I contacted a friend of mine who words for a major oil refinery in
the Chicago area. She had the following to say about usage of soap on oil
spills. First of all, the main concern with an oil spill is to contain the
spill using floating dams. Oil floats on water so a spill can be contained
with a series of flotation devices encircling the spill. Once contained, the
spill can be "sopped up" using oil absorbent materials.
Special bacteria that
bread down oil are also used to get rid of oil in the spill area.

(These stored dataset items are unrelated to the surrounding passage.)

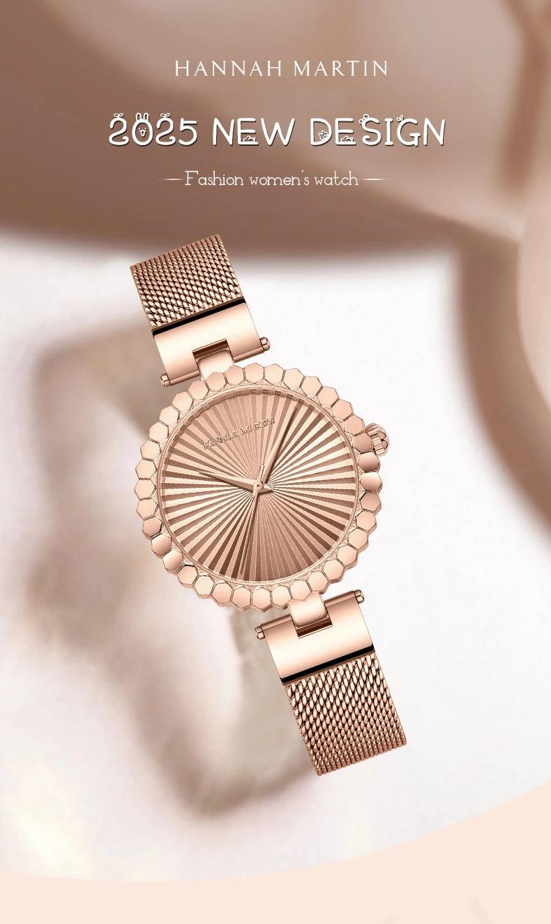 Luxury Brand Elegant Gold Tone Geometric Dial Women's Quartz Movement Watches Stainless Steel Mesh Belt Watches
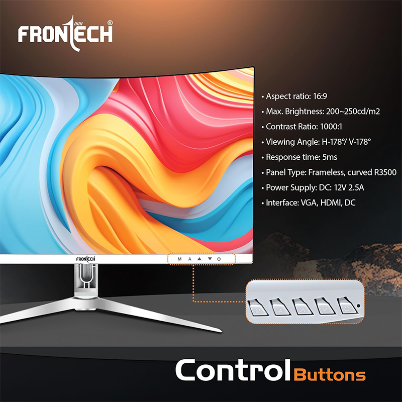 Frontech 22” Ultima Series Curved LED Monitor | 75Hz, 1920×1080 | 3500R Curve, Bezel-Less Design (MON-0079C)
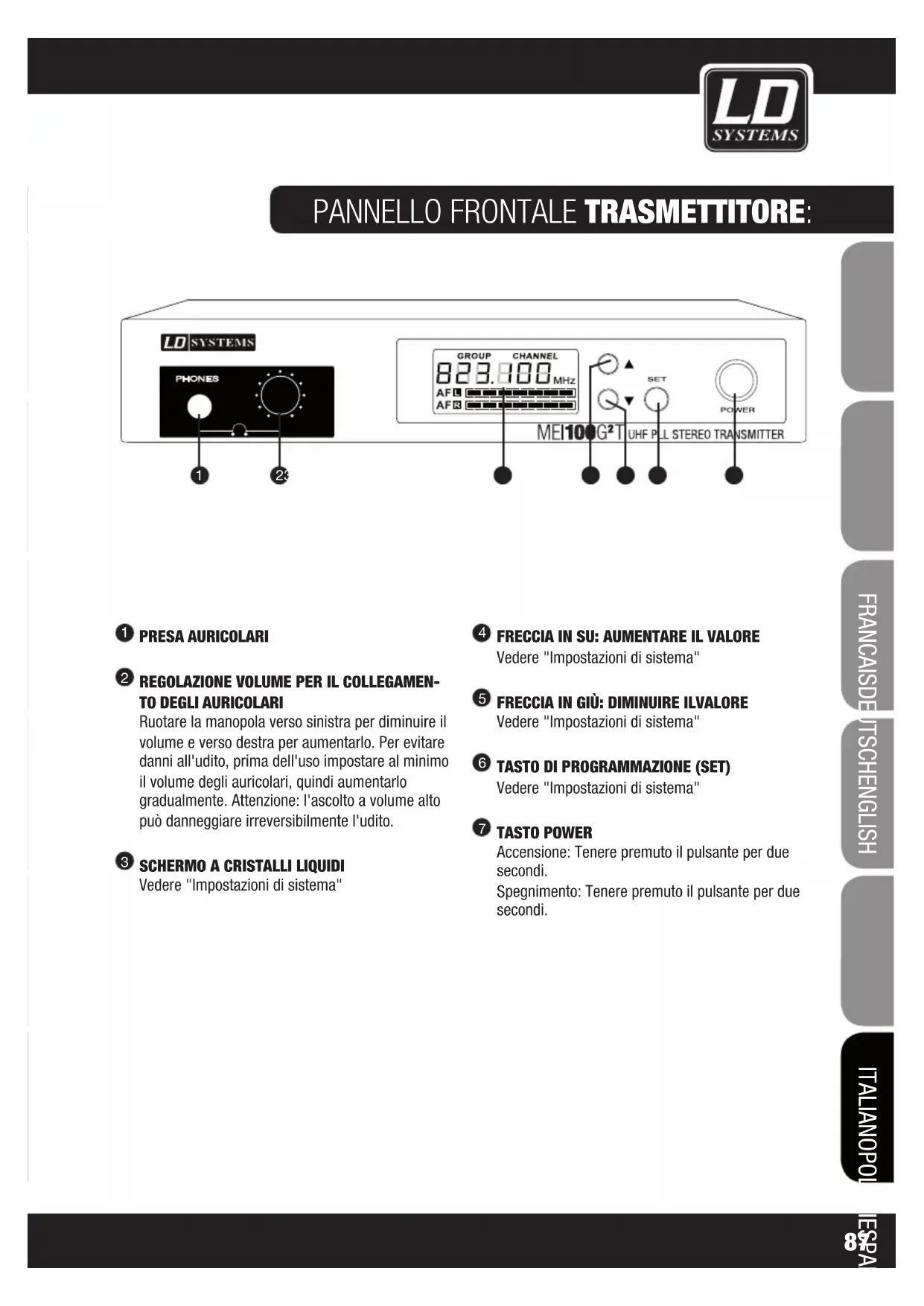 Assenza di audio o volume troppo basso. Ricevitore: display spento. Verificare che le batterie non siano scariche e che il ricevitore sia attivato. Trasmettitore: display spento. Controllare la connessione tra alimentatore e trasmettitore. Accendere il trasmettitore. Ricevitore: è acceso ma la spia RF non è accesa. Assicurarsi che il trasmettitore e il ricevitore siano impostati sulla stessa frequenza. Ridurre la distanza tra trasmettitore e ricevitore e verificare che i due dispositivi si trovino in contatto visivo diretto. Accertarsi che l'antenna del trasmettitore sia montata correttamente. Ricevitore: attivato, la spia RF è accesa. Alzare il volume del ricevitore e controllare il collegamento degli auricolari. Verificare il livello di ingresso del trasmetti- tore ed eventualmente alzarlo. Distorsioni o interfe- renze. Ricevitore: spia RF accesa. Aumentare la distanza dalle possibili cause di interferenza (dispositivi a controllo digita- le, quali lettori CD, computer, consolle…). Utilizzare una radiofrequenza diversa. Distorsione del suono. Ricevitore: simbolo della batteria acceso. Sostituire le batterie con altre nuove. Trasmettitore: indicatore di livello troppo alto Abbassare il volume con i regolatori di livello del trasmettitore o il volume del dispositivo di riproduzione.93 ITALIANOPOLSKIESPAÑOL FRANCAISFRANCAIS FRANCAISFRANCAIS FRANCAISDEUTSCHENGLISH Denominazione del set: LDMEI100G2 Modello del ricevitore portatile: LDMEI100G2BPR Intervallo di frequenza: 823 - 832 MHz e 863 - 865 MHz Canali: 96 (8 gruppi da 12 canali) Modo di trasmissione: FM Stereo Risposta in frequenza: 80 - 15.000 Hz Rapporto segnale/rumore: > 90 dB (A) Fattore di distorsione armonica (THD): 0,50% Uscita audio: Jack stereo da 3,5 mm Livello di uscita audio massimo: 100 mW Dispositivi di comando: Volume, On/Off, Set, tasti freccia (su/giù) Indicatori: Display LC multifunzione, segnale RF Alimentazione: 2 batterie tipo AA Durata d'uso: > 10 ore (dipende dalle batterie) Dimensioni (L x H x P): 65 x 95 x 25 mm Peso: 0,07 kg (senza batterie) Modello del trasmettitore: LDMEI100G2T Intervallo di frequenza ricevitore radio: 823 - 832 MHz e 863 - 865 MHz Canali: 96 (8 gruppi da 12 canali) Modalità di funzionamento: Mono/Stereo Modo di trasmissione: FM Stereo Potenza in uscita ad alta frequenza: 10 mW Risposta in frequenza: 80 - 15.000 Hz Rapporto segnale/rumore: > 90 dB (A) Fattore di distorsione armonica (THD): 0,50% Ingressi: N. 2 XLR / jack da 6,3 mm (combo) Impedenza di ingresso: 100 kOhm Presa dell'antenna: Presa TNC Dispositivi di comando: Accensione (On/Off), Set, tasti freccia (su/giù), volume auricolari, livello audio (livello AF) sinistra/destra, interruttore mono/ stereo Indicatori: Display LC multifunzione Alimentazione: alimentatore esterno Tensione di esercizio: 12 V - 18 V DC, 300 mA Dimensioni (L x H x P): 212 x 38 x 90 mm Peso: 0,57 kg Modello auricolari: LDIEHP1 Tipo: In-Ear Risposta in frequenza: 30 - 20.000 Hz Impedenza: 16 Ohm Collegamento: Jack stereo da 3,5 mm Lunghezza cavo: 1,5 m Poiché i nostri prodotti sono continuamente sottoposti a procedure di sviluppo e miglioramento. le caratteristiche tecniche possono essere soggette a modifiche senza preavviso. DATI TECNICI:94 ENGLISHDEUTSCHFRANCAIS FRANCAISFRANCAIS FRANCAISFRANCAIS ESpAñoLpoLSKIITALIANo DICHIARAZIONI DEL pRODUTTORE:

As a last
resort, surfactants are used to break up remaining oil (surfactants used on
oil are detergent, not soap). Surfactants are not used to cover up an oil
spill, they are used to make the oil less concentrated in a single area when
clean up efforts have been exhausted. As far as which soap is most toxic to
the fish, my friend replied: "The oil."
Crude oil released in a spill stays
near the surface and really effects mostly birds, mammals, and fish that go to
the surface to feed. Any surfactant applied to a spill is diluted hundreds of
times before it reaches the average fish. I do not know what the most toxic
material is that is used to break up a spill and neither did my friend,
however, this is not a cover-up method. Anyway you look at it a very dilute
detergent is less likely to kill a fish than a lot of "tar" stuck in a fish's
gills (crude oil is very thick).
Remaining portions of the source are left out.